非晶态物质的本质及形成过程是凝聚态物理领域最困难也是最有趣的问题之一.非晶形成过程在原子结构上不会衍生出人们在传统晶体结构里所熟悉的长程有序性,因此对于此类在自然界中广泛存在的物质形态,至今还没有有效的实验表征手段和理论研究方法.非晶态物质的原子结构及其构效关系的研究是凝聚态物理和材料科学等众多研究领域所关注的热点问题之一.随着对非晶态物质物性研究的深入,人们逐渐意识到非晶态物质中原子中程序对系统性质的重要影响,建立以中程序为基础的结构-动力学关系对于理解玻璃及玻璃转变的本质起着重要的作用.本文简要综述了基于图论提出的原子局域连接度这一新的结构序参量在液体和玻璃的结构及构效关系研究中的应用.新的结构序参量从过去侧重于关注局域原子团簇的种类和分布,转移到更加关注某一类具有特殊对称性的原子的空间连接情况,即更多地尝试从原子中程序的角度来建立非晶态物质中的构效关系.新的研究结果表明,局域连接度可与非晶态物质中原子的短时或长时动力学行为、输运方式、以及振动模态等一系列物理性质建立联系.

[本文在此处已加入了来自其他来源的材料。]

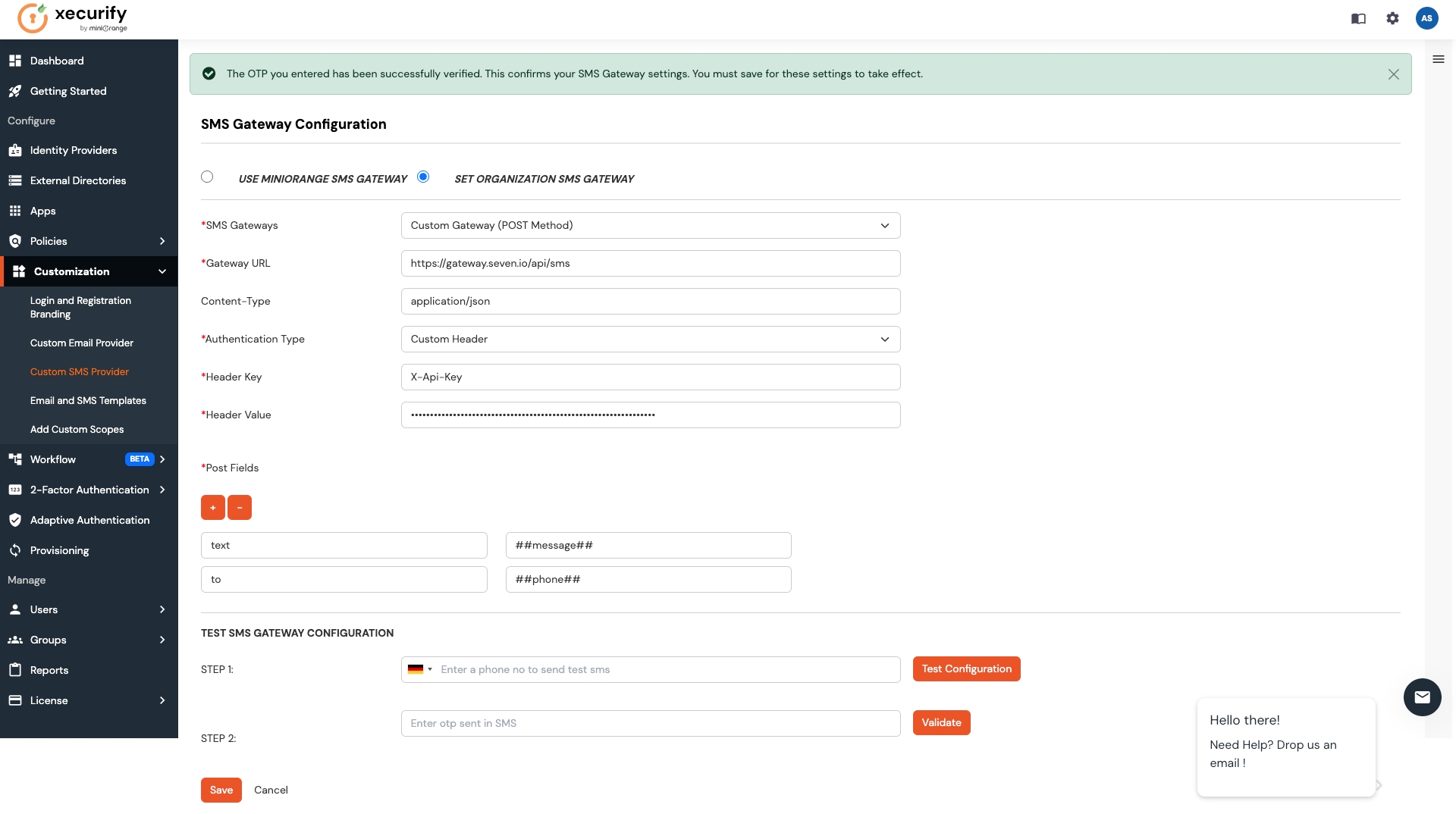 Go to Customization → Custom SMS Provider in the left navigation pane.

Linking local connectivity to atomic-scale relaxation dynamics in metallic glass-forming systems

For a long time,it has been well recognized that there exists a deep link between the fast vibrational excitations and the slow diffusive dynamics in glass-forming systems.However,it remains as an open question whether and how the short-time scale dynamics associated with vibrational intrabasin excitations is related to the long-time dynamics associated with diffusive interbasin hoppings.In this paper we briefly review the research progress that addresses this challenge.By identifying a structural order parameter—local connectivity of a particle which is defined as the number of nearest neighbors having the same local spatial symmetry,it is found that the local connectivity can tune and modulate both the short-time vibrational dynamics and the longtime relaxation dynamics of the studied particles in a model of metallic supercooled liquid.Furthermore,it reveals that the local connectivity leads the long-time decay of the correlation functions to change from stretched exponentials to compressed ones,indicating a dynamic crossover from diffusive to hyperdiffusive motions.This is the first time to report that in supercooled liquids the particles with particular spatial symmetry can present a faster-than-exponential relaxation that has so far only been reported in out-ofequilibrium materials.The recent results suggest a structural bridge to link the fast vibrational dynamics to the slow structural relaxation in glass-forming systems and extends the compressed exponential relaxation phenomenon from earlier reported out-of-equilibrium materials to the metastable supercooled liquids.